Thirty percent (70/234) of studies with negative results had comments on power and/or sample size calculations. Seventy three percent (171/234) included confidence intervals. The reporting of power (range: 15%-52%) and confidence intervals (range: 55–81%) varied significantly among journals. Twenty two percent of the studies included both power/sample size calculations and confidence intervals. There existed significant variation between journals in the reporting of power/sample size calculations and confidence intervals (Table 1). Because clinical trials (n = 87) and observational studies of etiology/risk factors (n = 109) were the predominant study designs (84% of the negative studies), articles with other study designs were not examined further. Fifty six percent (95% CI, 46–67%) of negative clinical trials and 15% (95% CI, 8–21%) of negative observational risk factor/etiology studies addressed power/sample size (p < 0.001).
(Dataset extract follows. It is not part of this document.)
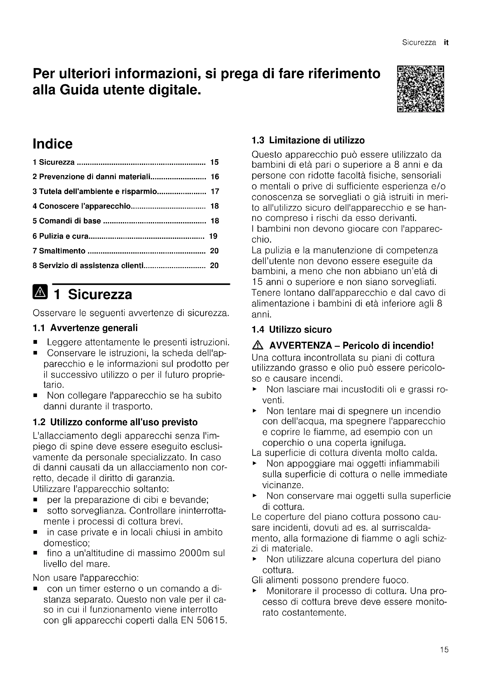 - 8 Servizio di assistenza clienti 1 Sicurezza Osservare le seguenti avvertenze di sicurezza. 1.1 Avvertenze generali ¡ Leggere attentamente le presenti istruzioni. ¡ Conservare le istruzioni, la scheda dell'ap- parecchio e le informazioni sul prodotto per il successivo utilizzo o per il futuro proprie- tario. ¡ Non collegare l'apparecchio se ha subito danni durante il trasporto. 1.2 Utilizzo conforme all'uso previsto L'allacciamento degli apparecchi senza l'im- piego di spine deve essere eseguito esclusi- vamente da personale specializzato. In caso di danni causati da un allacciamento non cor- retto, decade il diritto di garanzia. Utilizzare l'apparecchio soltanto: ¡ per la preparazione di cibi e bevande; ¡ sotto sorveglianza. Controllare ininterrotta- mente i processi di cottura brevi. ¡ in case private e in locali chiusi in ambito domestico; ¡ fino a un'altitudine di massimo 2000m sul livello del mare. Non usare l'apparecchio: ¡ con un timer esterno o un comando a di- stanza separato. Questo non vale per il ca- so in cui il funzionamento viene interrotto con gli apparecchi coperti dalla EN50615. 1.3 Limitazione di utilizzo Questo apparecchio può essere utilizzato da bambini di età pari o superiore a 8 anni e da persone con ridotte facoltà fisiche, sensoriali o mentali o prive di sufficiente esperienza e/o conoscenza se sorvegliati o già istruiti in meri- to all'utilizzo sicuro dell'apparecchio e se han- no compreso i rischi da esso derivanti. I bambini non devono giocare con l'apparec- chio. La pulizia e la manutenzione di competenza dell’utente non devono essere eseguite da bambini, a meno che non abbiano un’età di 15 anni o superiore e non siano sorvegliati. Tenere lontano dall'apparecchio e dal cavo di alimentazione i bambini di età inferiore agli 8 anni. 1.4 Utilizzo sicuro AVVERTENZA‒Pericolo di incendio! Una cottura incontrollata su piani di cottura utilizzando grasso e olio può essere pericolo- so e causare incendi. ▶ Non lasciare mai incustoditi oli e grassi ro- venti. ▶ Non tentare mai di spegnere un incendio con dell'acqua, ma spegnere l'apparecchio e coprire le fiamme, ad esempio con un coperchio o una coperta ignifuga. La superficie di cottura diventa molto calda. ▶ Non appoggiare mai oggetti infiammabili sulla superficie di cottura o nelle immediate vicinanze. ▶ Non conservare mai oggetti sulla superficie di cottura. Le coperture del piano cottura possono cau- sare incidenti, dovuti ad es. al surriscalda- mento, alla formazione di fiamme o agli schiz- zi di materiale. ▶ Non utilizzare alcuna copertura del piano cottura. Gli alimenti possono prendere fuoco. ▶ Monitorare il processo di cottura. Una pro- cesso di cottura breve deve essere monito- rato costantemente.it Prevenzione di danni materiali p. 20

For reporting confidence intervals, the corresponding percentages were 79% (95% CI, 71–87%) and 75% (95% CI, 65–84%), respectively (p = 0.489).

Table 1 Negative articles addressing power/sample size and confidence intervals

Of the negative articles including information about sample size, 87% (61/70) specified a delta or the effect size that the authors sought to detect. A minority, 43% (26/61), explained the rationale behind the delta chosen. Of these, 77% (20/26) cited references or pilot studies to support their rationale.

Only 52% (122/234) of articles with negative results had a clearly defined primary outcome(s).


Many articles underreport power/sample size calculations and confidence intervals. Significant variation exists among journals. Our work demonstrates that power was reported more often in clinical trials than in observational studies of etiology/risk factors. Investigators involved in randomized clinical trials may be more familiar with the importance of power and sample size calculation.[28] Also, investigators conducting observational studies often do not have the ability to determine sample size prior to beginning their work. Most articles with sample size calculations reported a projected effect size, but only a minority shared the rationale behind this delta and even less provided empiric evidence to support the rationale.

While this manuscript describes an analysis of a large body of studies with negative results, several limitations must be considered. First, although most negative studies did not list power/sample size calculation, we cannot be certain this had not been performed a priori. It is also possible that, for the sake of brevity, authors and/or editors omitted power/sample size calculations from the final text when preparing manuscripts for submission. While it is possible these calculations were done but not reported, this may not be the case.[29] Second, our definition of a negative study may seem unduly broad. We examined three outcomes in order to classify articles because articles frequently report several outcomes, often with none defined as primary. [3033] Previous authors, limiting their work to randomized controlled trials, who have encountered multiple outcomes have defined the primary outcome as "the most clinically important"[19] or the outcome that was the "primary focus of the article".[20] These outcomes are often not possible to discern in observational studies. Nonetheless, our results may represent a best-case scenario given the publication bias against articles with negative results and the fact that we examined the more prominent general medical journals.[34]


In summary, this study demonstrates that prominent medical journals often provide insufficient information to assess the validity of studies with negative results. Authors and journal editors need to include this information so readers can be informed consumers of the medical literature.